Locking is inconsistent

Vulnerability potential Low
DDoS potential Low

The variable or a field is not assigned in locked context as it is in other places

Impact

A shared variable is protected by a mutex in most of the code, but at least one access path reads or writes it without holding the same lock. The unprotected access forms a data race with the protected ones. Because writes are no longer serialized, two threads can interleave a read-modify-write and lose an update, observe a half-updated value (a torn read of a multi-word field), or act on a value that has already become stale. In languages with weak or no defined behaviour for races (C and C++), the result is undefined behaviour: the compiler is free to assume the object is not concurrently modified, so it may cache the value in a register, reorder accesses, or fold checks away entirely. The visible symptoms range from rare, non-reproducible logic errors to corrupted invariants and crashes that only appear under load.

Vulnerability potential

This issue has limited but real security relevance.
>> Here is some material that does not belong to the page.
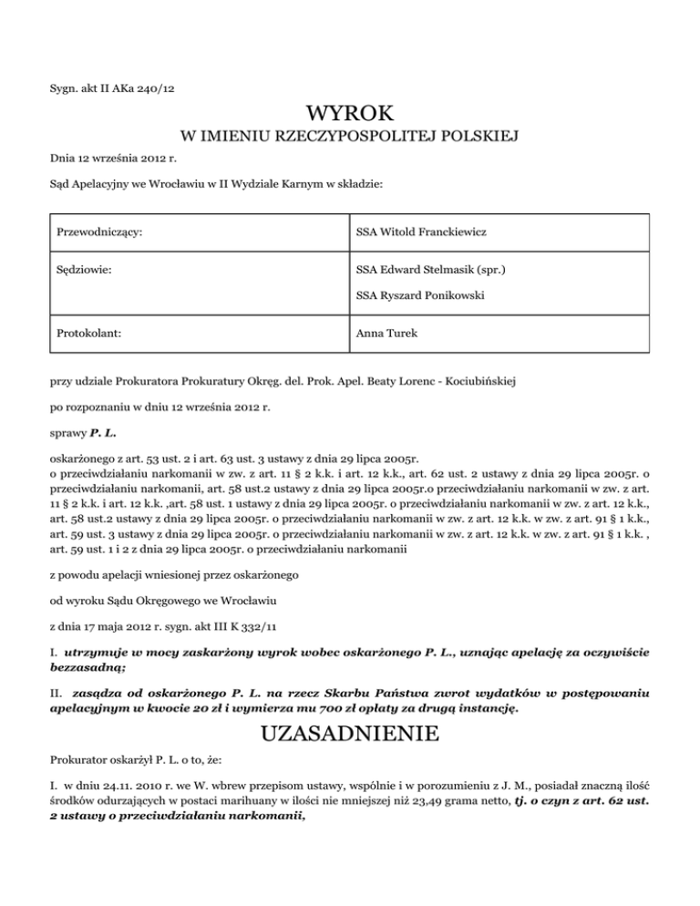 Sygn. akt II AKa 240/12 WYROK W IMIENIU RZECZYPOSPOLITEJ POLSKIEJ Dnia 12 września 2012 r. Sąd Apelacyjny we Wrocławiu w II Wydziale Karnym w składzie: Przewodniczący: SSA Witold Franckiewicz Sędziowie: SSA Edward Stelmasik (spr.) SSA Ryszard Ponikowski Protokolant: Anna Turek przy udziale Prokuratora Prokuratury Okręg. del. Prok. Apel. Beaty Lorenc - Kociubińskiej po rozpoznaniu w dniu 12 września 2012 r. sprawy P. L. oskarżonego z art. 53 ust. 2 i art. 63 ust. 3 ustawy z dnia 29 lipca 2005r. o przeciwdziałaniu narkomanii w zw. z art. 11 § 2 k.k. i art. 12 k.k., art. 62 ust. 2 ustawy z dnia 29 lipca 2005r. o przeciwdziałaniu narkomanii, art. 58 ust.2 ustawy z dnia 29 lipca 2005r.o przeciwdziałaniu narkomanii w zw. z art. 11 § 2 k.k. i art. 12 k.k. ,art. 58 ust. 1 ustawy z dnia 29 lipca 2005r. o przeciwdziałaniu narkomanii w zw. z art. 12 k.k., art. 58 ust.2 ustawy z dnia 29 lipca 2005r. o przeciwdziałaniu narkomanii w zw. z art. 12 k.k. w zw. z art. 91 § 1 k.k., art. 59 ust. 3 ustawy z dnia 29 lipca 2005r. o przeciwdziałaniu narkomanii w zw. z art. 12 k.k. w zw. z art. 91 § 1 k.k. , art. 59 ust. 1 i 2 z dnia 29 lipca 2005r. o przeciwdziałaniu narkomanii z powodu apelacji wniesionej przez oskarżonego od wyroku Sądu Okręgowego we Wrocławiu z dnia 17 maja 2012 r. sygn. akt III K 332/11 I. utrzymuje w mocy zaskarżony wyrok wobec oskarżonego P. L., uznając apelację za oczywiście bezzasadną; II. zasądza od oskarżonego P. L. na rzecz Skarbu Państwa zwrot wydatków w postępowaniu apelacyjnym w kwocie 20 zł i wymierza mu 700 zł opłaty za drugą instancję. UZASADNIENIE Prokurator oskarżył P. L. o to, że: I. w dniu 24.11. 2010 r. we W. wbrew przepisom ustawy, wspólnie i w porozumieniu z J. M., posiadał znaczną ilość środków odurzających w postaci marihuany w ilości nie mniejszej niż 23,49 grama netto, tj. o czyn z art. 62 ust. 2 ustawy o przeciwdziałaniu narkomanii, II. w nieustalonym okresie od 2006 r. do listopada 2010 r. w krótkich odstępach czasu we W. oraz innych nieustalonych miejscach, wbrew przepisom ustawy, udzielał J. M. środków odurzających w postaci marihuany, w znacznej ilości, nie mniejszej niż 700 gram, tj. o czyn z art. 58 ust. 2 ustawy o przeciwdziałaniu narkomanii III. w okresie od września 2010 r. do 24 listopada 2010 r. w krótkich odstępach czasu we W. i okolicach W., wbrew przepisom ustawy, udzielał M. L. środków odurzających w postaci marihuany, w nieustalonej ilości nie mniejszej niż 0, 1 grama netto, tj. o czyn z art. 58 ust. 1 ustawy o przeciwdziałaniu narkomanii IV. w okresie od września 2010 r. do 24 listopada 2010 r. w krótkich odstępach czasu, we W. i okolicach W., wbrew przepisom ustawy, w celu osiągnięcia korzyści majątkowej udzielał M. L. środków odurzających w postaci marihuany w nieustalonej ilości nie mniejszej niż 3 grama netto za kwotę 40 zł. tj. o czyn z art. 59 ust. 1 ustawy o przeciwdziałaniu narkomanii V. w okresie od września 2010 r. do 24 listopada 2010 r. we W. w krótkich odstępach czasu, wbrew przepisom ustawy, udzielał małoletniemu E. K. (1) środków odurzających w postaci marihuany, w nieustalonej ilości nie mniejszej niż 0,3 grama netto tj. o czyn z art. 58 ust. 2 ustawy o przeciwdziałaniu narkomanii VI. w okresie od września 2010 r. do 24 listopada 2010 r. we W. w krótkich odstępach czasu, wbrew przepisom ustawy w celu osiągnięcia korzyści majątkowej, udzielał małoletniemu E. K. (1) środków odurzających w postaci marihuany w nieustalonej ilości nie mniejszej niż 6 grama netto za kwotę nie mniejszą niż 15 zł. za gram tj. o czyn z art. 59 ust. 2 ustawy o przeciwdziałaniu narkomanii VII. w okresie od września 2010 r. do 24 listopada 2010 r. we W. w krótkich odstępach czasu, wbrew przepisom ustawy, udzielał małoletniemu Ł. C. (1) środków odurzających w postaci marihuany, w nieustalonej ilości nie mniejszej niż 3 gramy, tj. o czyn z art. 58 ust. 2 ustawy o przeciwdziałaniu narkomanii VIII. w okresie od września 2010 r. do 24 listopada 2010 r. we W. w krótkich odstępach czasu, wbrew przepisom ustawy w celu osiągnięcia korzyści majątkowej, udzielał małoletniemu Ł. C. (1) środków odurzających w postaci marihuany w nieustalonej ilości nie mniejszej niż 3 gram netto za kwotę nie mniejszą niż 15 zł. za gram tj. o czyn z art. 59 ust. 2 ustawy o przeciwdziałaniu narkomanii IX. w sierpniu 2010 r. w R. wbrew przepisom ustawy, wspólnie i w porozumieniu z J. M. pomagał T. O. w uprawie konopi innych niż włókniste, która to uprawa mogła dostarczyć znacznej ilości ziela konopi innych niż włókniste poprzez podlewanie, nawożenie i pielęgnację roślin, tj. o czyn z art. 18 § 3 kk w zw. z art. 63 ust. 2 ustawy o przeciwdziałaniu narkomanii X. w nieustalonym okresie od września do października 2010 r. w okolicy W., wspólnie i w porozumieniu z J. M., uprawiał wbrew przepisom ustawy konopie inne niż włókniste, które to dostarczyły znacznej ilości ziela konopi innej niż włókniste, tj. o czyn z art. 63 ust. 3 ustawy o przeciwdziałaniu narkomanii XI. w nieustalonym okresie od 2005 r. do 24 listopada 2010 r. we W. i innych nieustalonych miejscach w krótkich odstępach czasu, wbrew przepisom ustawy, udzielił znacznej ilości środków odurzających postaci marihuany nie mniej niż 500 gram nieustalonym osobom tj. o czyn z art. 58 ust. 2 ustawy o przeciwdziałaniu narkomanii Sąd Okręgowy we Wrocławiu wyrokiem z dnia 17 maja 2012 r. I. uznał osk. P. L., w ramach zarzutów opisanych w p. I i X, za winnego tego, że od września do października 2010 r. w okolicy W., działając czynem ciągłym z góry powziętym zamiarem, wbrew przepisom ustawy, uprawiał dwa krzewy konopi inne niż wbrew przepisom ustawy, poprzez rozdrabnianie i suszenie wytworzył znaczną ilość środka odurzającego w postaci marihuany o wadze nie mniejszej niż 23,49 g tj. przestępstwa z art. 53 ust. 2 i art. 63 ust. 3 ustawy

  1. A torn read/write of a pointer, length, or size field can desynchronize a buffer from its bookkeeping, which in native code can be escalated to an out-of-bounds access or use-after-free.
  2. If the inconsistently locked variable is a flag that gates a security decision (authenticated, is_admin, validated), a race window can let one thread observe a transient state and bypass the check.
  3. The non-determinism makes the bug hard to test for, so it tends to survive into production where it can be triggered by timing-dependent input.

Technical details

A mutex only provides mutual exclusion among threads that all acquire it. The guarantee is conventional, not enforced by the type system in most languages: the compiler and CPU do not know that field x “belongs to” lock m. Correct synchronization requires that every access to the shared datum is performed under the same lock. A single path that touches the variable without the lock breaks the happens-before chain that the mutex would otherwise establish.

C/C++ memory model

Under the C11/C++11 memory model, two accesses to the same non-atomic object where at least one is a write, not ordered by happens-before, constitute a data race and the entire program has undefined behaviour. The unlocked access is exactly such an access. Optimizers exploit the no-race assumption, so the generated code may differ wildly from the naive expectation.

Managed languages

In Java or Go a race does not invalidate the whole program, but it still yields unspecified values: reads may see stale or out-of-thin-air-like values, and non-atomic 64-bit or composite fields can tear.

Catching the issue

Thread sanitizer

Build with ThreadSanitizer (-fsanitize=thread in Clang/GCC, go test -race, go build -race). TSan instruments memory accesses and reports the conflicting locked and unlocked accesses with both stack traces, which pinpoints the offending path.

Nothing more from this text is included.